Antes de tecer uma crítica, deixe me adiantar que reconheço o que há de correto por trás desta frase na letra da música. De fato há uma percepção, acertada, de que há algo errado no coração humano que carece de uma cura. A expressão cura das almas é mais que centenária. Ela, contudo, tinha uma conotação bem diferente na que tem hoje. Antes ela apontava para o trabalho pastoral, aquele que era preocupado em "curar", ou seja, cuidar das almas que estavam sob o pastor. A presença e necessidade da figura do pastor não se dá porque a igreja assim o diz ou quer; mas porque precisamos. Carecemos de cuidado, e aprouve a Deus fornecer pastores para o seu povo, fossem em forma de reis, profetas e sacerdotes, ou apóstolos no passado, como pastores no presente tempo.
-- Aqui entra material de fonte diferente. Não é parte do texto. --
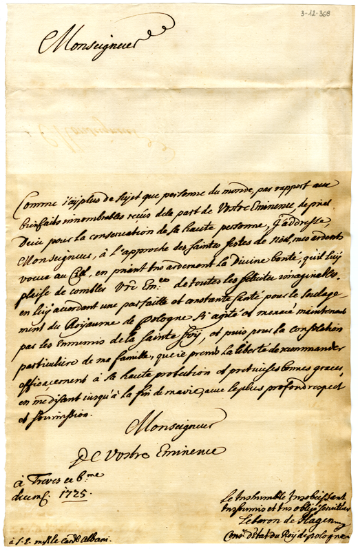 Lettera del barone di Hagen consulente di stato del re di Polonia al cardinale Annibale Albani (1725 dicembre 6)

Reconheço também que a tristeza não é marca de cristianismo. Pelo contrário, a Escritura diz que "a alegria do Senhor é a nossa força" (Nm 8.10). O salmista canta alegremente a felicidade do convite para ir à casa de Deus (Sl 122.1; Cf. tb.: Gl 5.22). Muito poderia ser dito sobre isso, mas meu objetivo é outro. Meu objetivo é falar sobre a relação do que está errado com o coração humano, sua real necessidade e a proposta moderna do evangelicalismo para "sarar" o problema percebido.
A doença do coração é a idolatria, a rebeldia presente que leva o coração para longe de Deus, em direção daquilo que o desagrada, em direção ao Egito (Ez 14.3-5; At 7.39). Para curar a alma deste mal, a letra da música propõe que a necessidade do mundo seja de uma celebração, de uma festa. Permitam-me, humildemente, discordar. O que mais o universo evangélico tem proporcionado para o mundo é justamente isso: celebração, festas e mais festas. Os cultos se tornaram shows, sendo chamados e reconhecidos assim ou não. As mensagens por vezes se confundem com a moda dos "Stand Up Comedy", só que sem graça (quem tem ouvidos para ouvir, ouça). Nos cultos não se fala mais de pecados. Embora haja em muitas igrejas um momento para o louvor, não há, contudo, uma para confissão de pecados. O que temos em abundância é "adoração", é celebração... louvorzão...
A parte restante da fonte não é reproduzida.